In the listing below, find the line with "本期活動特別邀請了中國工程院" and copy every line from there up to and including the line with "Het hijskoord zit", exactly and without pictures.

▶ _Source material_:
◆ ◆ ◆ ◆ ◆

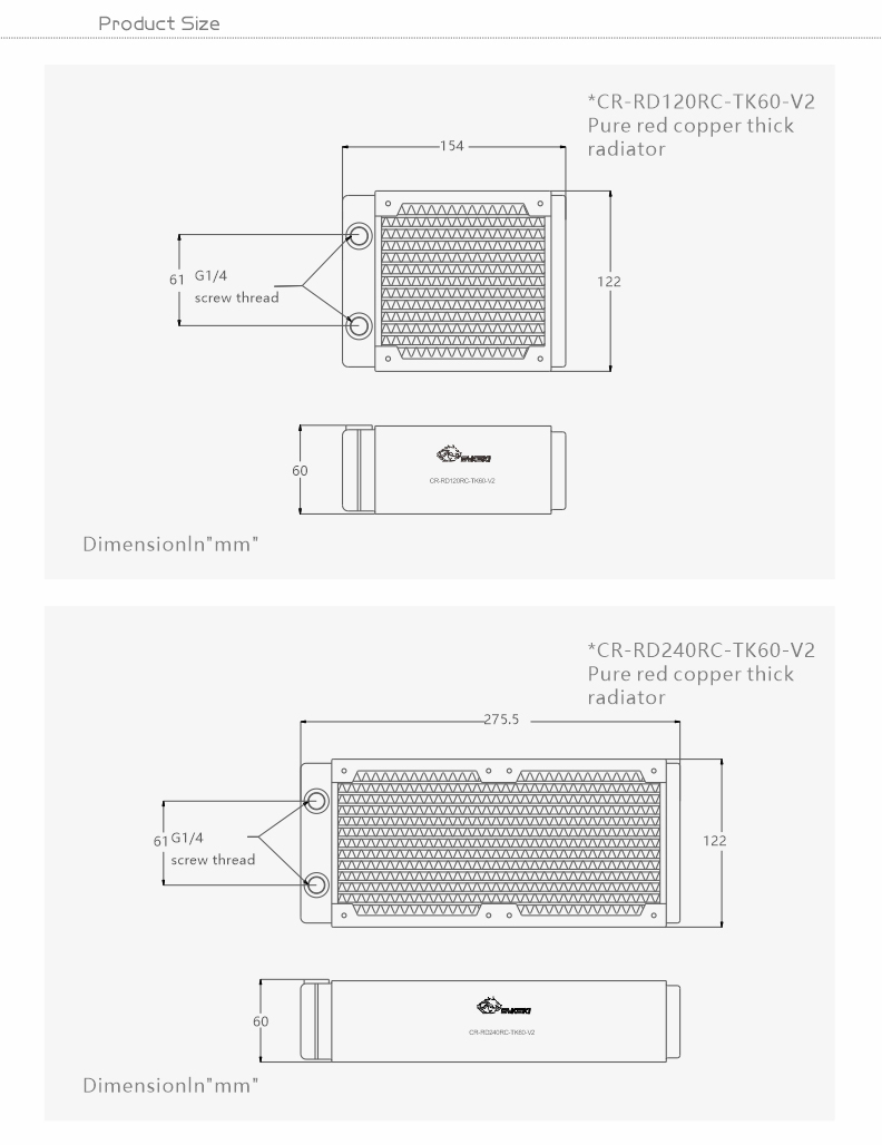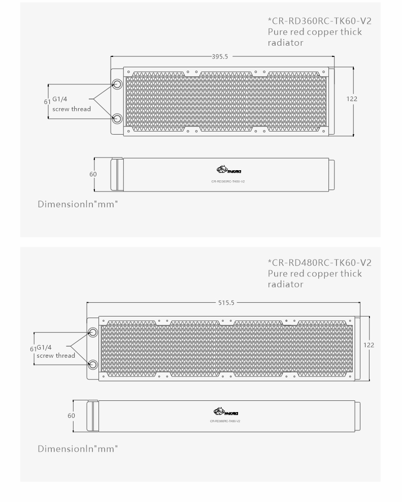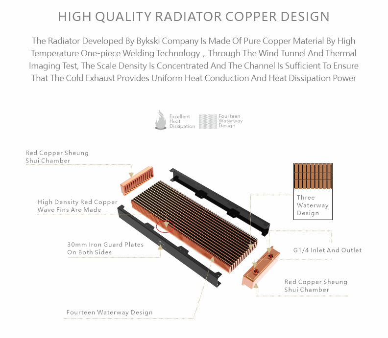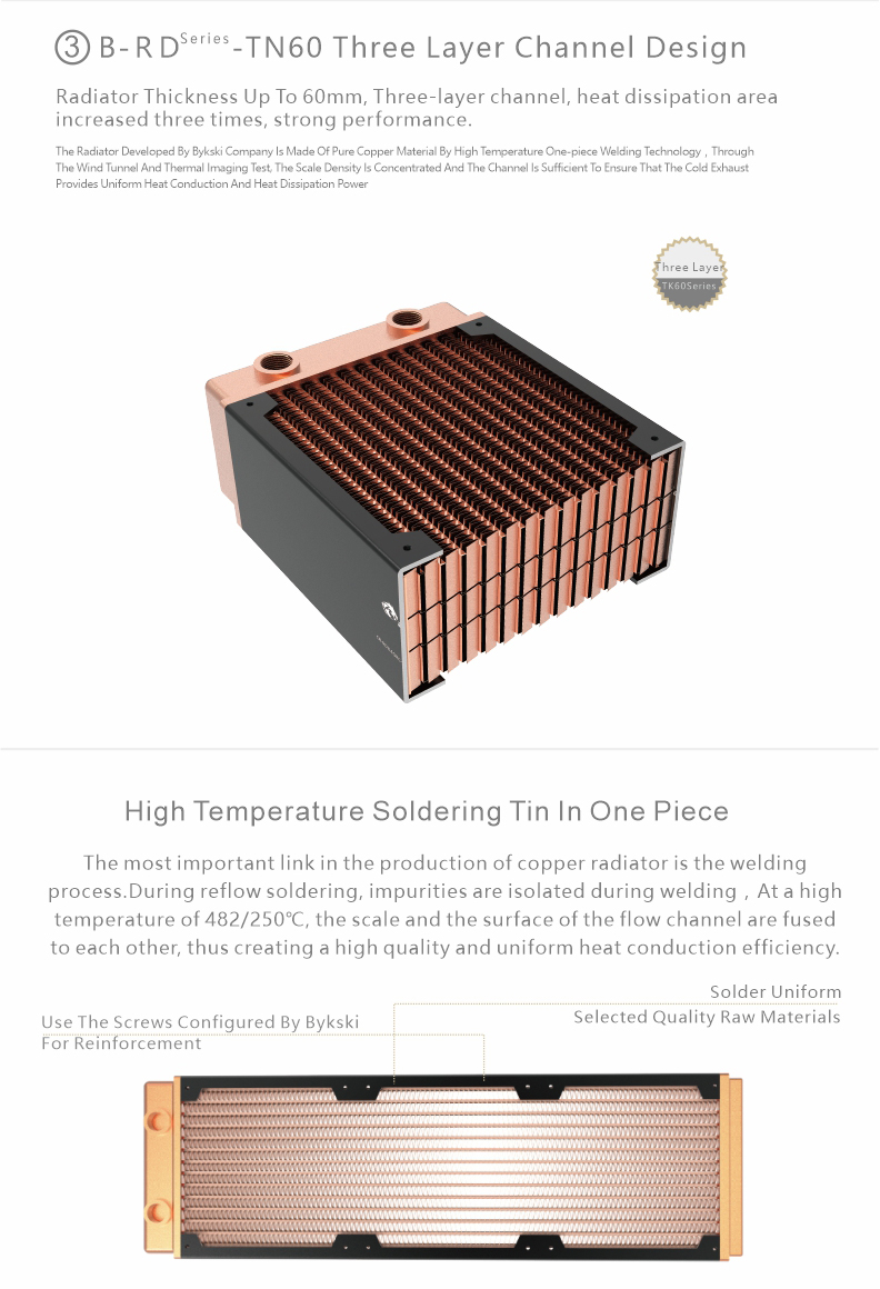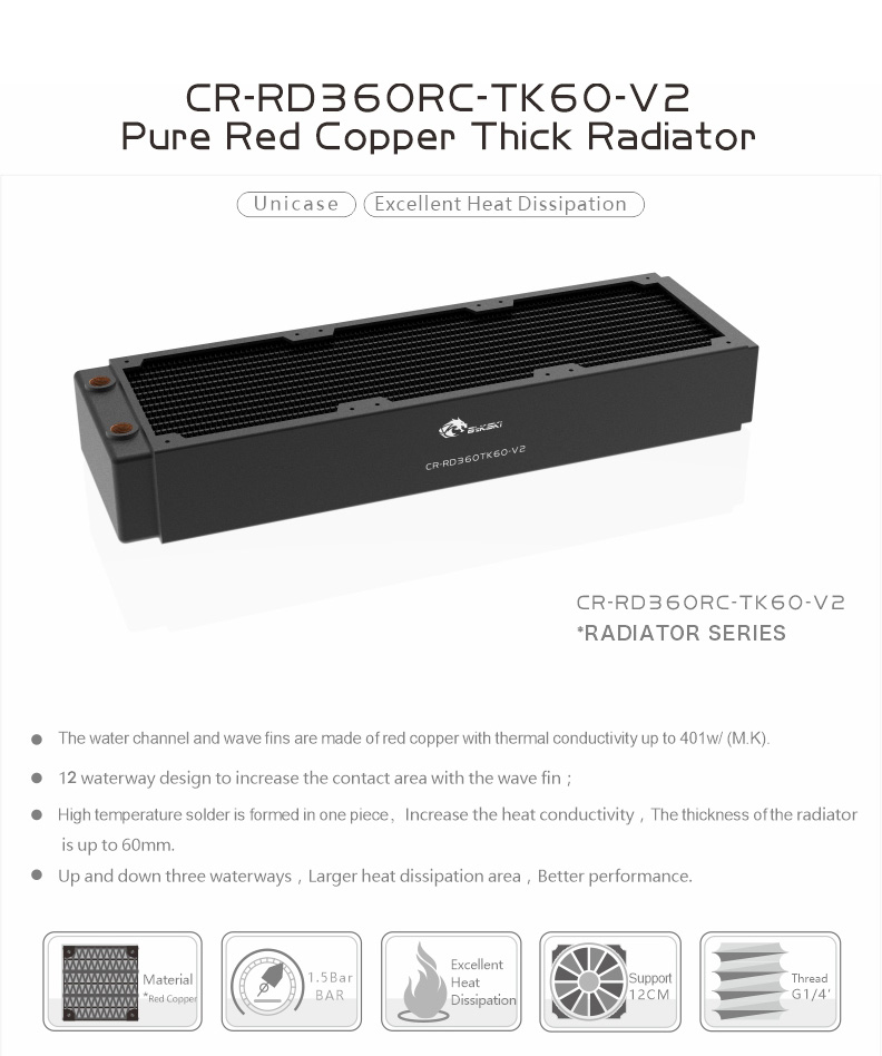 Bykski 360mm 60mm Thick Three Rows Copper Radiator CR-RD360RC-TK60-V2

◆ ◆ ◆ ◆ ◆

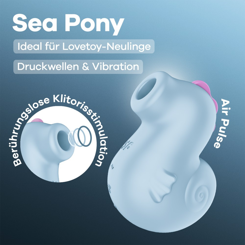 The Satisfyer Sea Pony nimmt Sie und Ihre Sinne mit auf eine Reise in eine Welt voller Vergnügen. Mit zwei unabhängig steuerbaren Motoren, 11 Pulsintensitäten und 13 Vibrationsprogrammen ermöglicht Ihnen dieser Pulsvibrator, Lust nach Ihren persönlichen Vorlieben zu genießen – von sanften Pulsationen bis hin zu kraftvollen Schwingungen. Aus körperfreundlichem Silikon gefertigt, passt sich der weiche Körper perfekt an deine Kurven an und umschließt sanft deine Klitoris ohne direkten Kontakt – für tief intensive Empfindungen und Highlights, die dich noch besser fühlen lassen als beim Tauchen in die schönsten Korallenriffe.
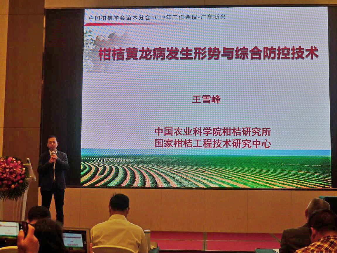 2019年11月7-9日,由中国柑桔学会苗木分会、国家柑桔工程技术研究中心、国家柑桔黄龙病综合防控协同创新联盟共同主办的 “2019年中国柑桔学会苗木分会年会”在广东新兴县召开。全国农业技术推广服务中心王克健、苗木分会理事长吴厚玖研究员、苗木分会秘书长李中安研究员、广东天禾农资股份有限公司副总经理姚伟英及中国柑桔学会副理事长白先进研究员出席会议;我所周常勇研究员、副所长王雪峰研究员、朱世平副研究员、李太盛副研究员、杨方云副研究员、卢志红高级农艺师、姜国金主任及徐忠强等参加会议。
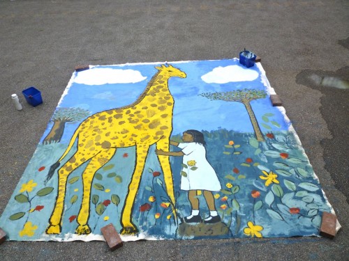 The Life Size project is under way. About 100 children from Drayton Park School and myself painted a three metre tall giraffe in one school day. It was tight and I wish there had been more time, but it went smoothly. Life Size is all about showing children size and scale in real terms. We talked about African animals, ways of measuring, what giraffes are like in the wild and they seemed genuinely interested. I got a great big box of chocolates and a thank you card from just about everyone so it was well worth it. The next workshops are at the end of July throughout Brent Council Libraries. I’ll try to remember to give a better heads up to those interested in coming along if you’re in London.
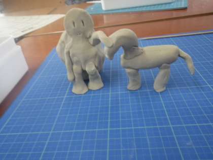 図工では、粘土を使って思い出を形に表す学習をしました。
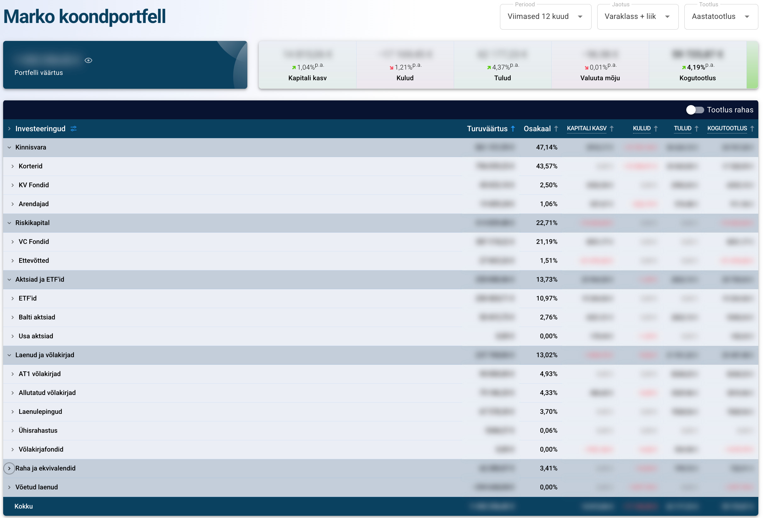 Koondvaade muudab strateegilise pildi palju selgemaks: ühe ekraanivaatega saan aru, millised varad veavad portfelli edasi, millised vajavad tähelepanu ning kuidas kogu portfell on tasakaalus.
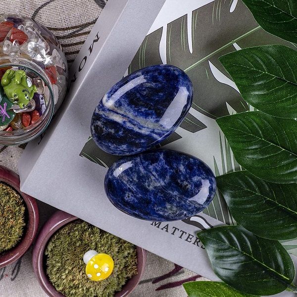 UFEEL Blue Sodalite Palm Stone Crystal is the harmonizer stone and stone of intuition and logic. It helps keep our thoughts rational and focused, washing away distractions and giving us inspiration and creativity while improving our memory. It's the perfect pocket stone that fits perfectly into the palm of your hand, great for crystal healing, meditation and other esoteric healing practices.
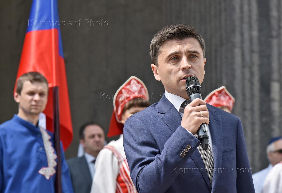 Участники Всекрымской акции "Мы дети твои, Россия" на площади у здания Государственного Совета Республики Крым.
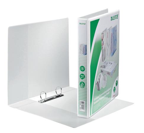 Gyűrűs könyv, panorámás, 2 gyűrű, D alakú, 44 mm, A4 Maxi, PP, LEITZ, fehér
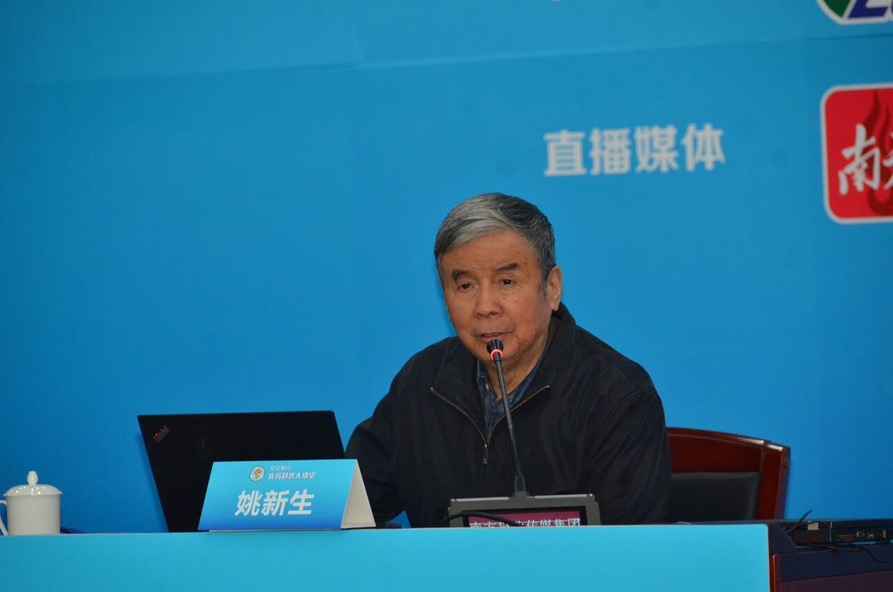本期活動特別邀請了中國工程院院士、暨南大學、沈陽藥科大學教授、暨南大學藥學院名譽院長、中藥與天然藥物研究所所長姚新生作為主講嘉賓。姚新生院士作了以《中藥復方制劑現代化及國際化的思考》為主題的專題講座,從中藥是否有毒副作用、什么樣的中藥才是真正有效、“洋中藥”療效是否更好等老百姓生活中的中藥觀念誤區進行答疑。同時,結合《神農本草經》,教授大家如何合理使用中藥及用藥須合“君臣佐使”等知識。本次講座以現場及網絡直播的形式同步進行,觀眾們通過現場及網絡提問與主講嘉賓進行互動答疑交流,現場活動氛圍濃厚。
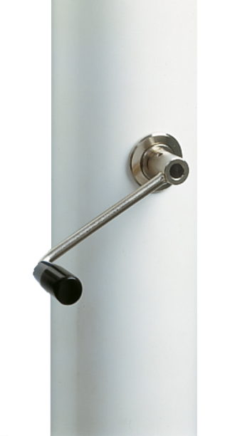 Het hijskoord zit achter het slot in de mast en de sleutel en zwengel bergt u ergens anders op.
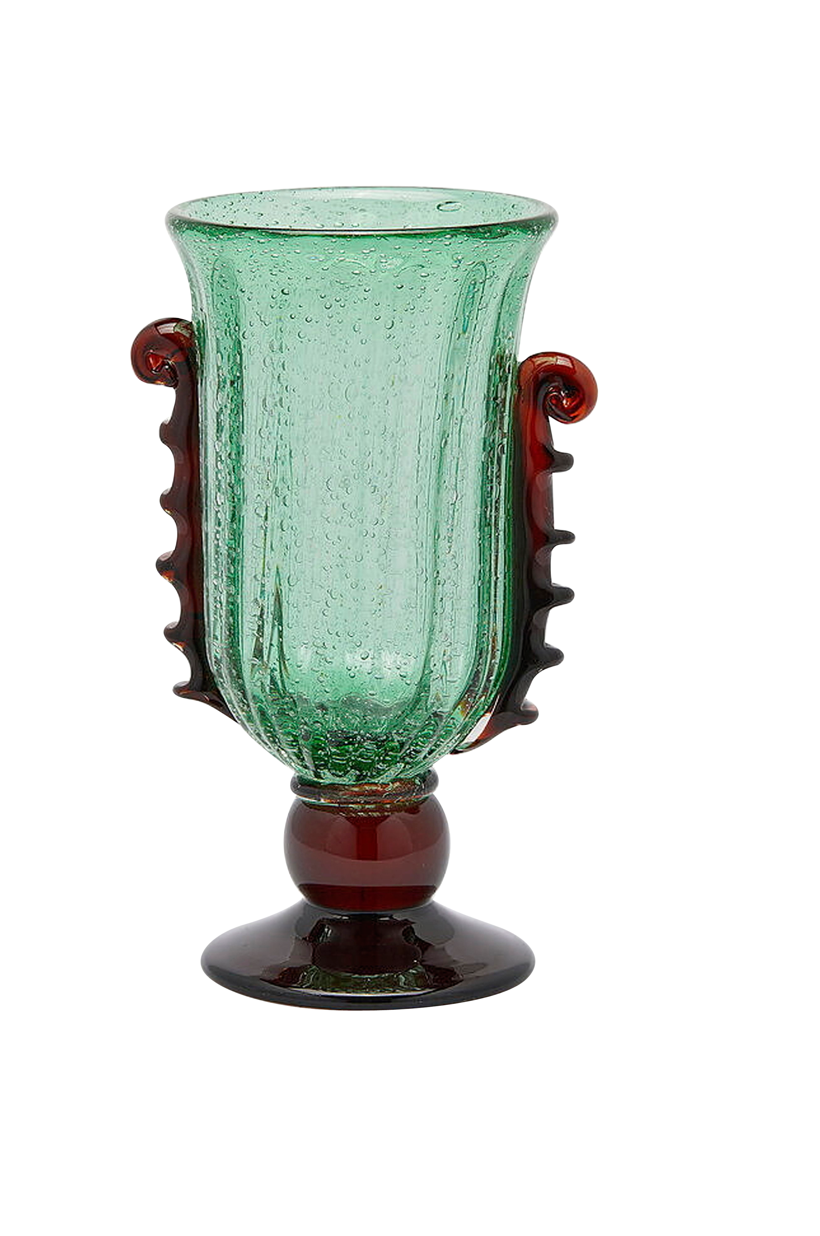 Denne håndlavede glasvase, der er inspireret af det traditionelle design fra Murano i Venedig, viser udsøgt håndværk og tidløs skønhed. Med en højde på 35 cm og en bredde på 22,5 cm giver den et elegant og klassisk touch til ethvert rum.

◆ ◆ ◆ ◆ ◆

▶ _Answer space_:
本期活動特別邀請了中國工程院院士、暨南大學、沈陽藥科大學教授、暨南大學藥學院名譽院長、中藥與天然藥物研究所所長姚新生作為主講嘉賓。姚新生院士作了以《中藥復方制劑現代化及國際化的思考》為主題的專題講座,從中藥是否有毒副作用、什么樣的中藥才是真正有效、“洋中藥”療效是否更好等老百姓生活中的中藥觀念誤區進行答疑。同時,結合《神農本草經》,教授大家如何合理使用中藥及用藥須合“君臣佐使”等知識。本次講座以現場及網絡直播的形式同步進行,觀眾們通過現場及網絡提問與主講嘉賓進行互動答疑交流,現場活動氛圍濃厚。
 Het hijskoord zit achter het slot in de mast en de sleutel en zwengel bergt u ergens anders op.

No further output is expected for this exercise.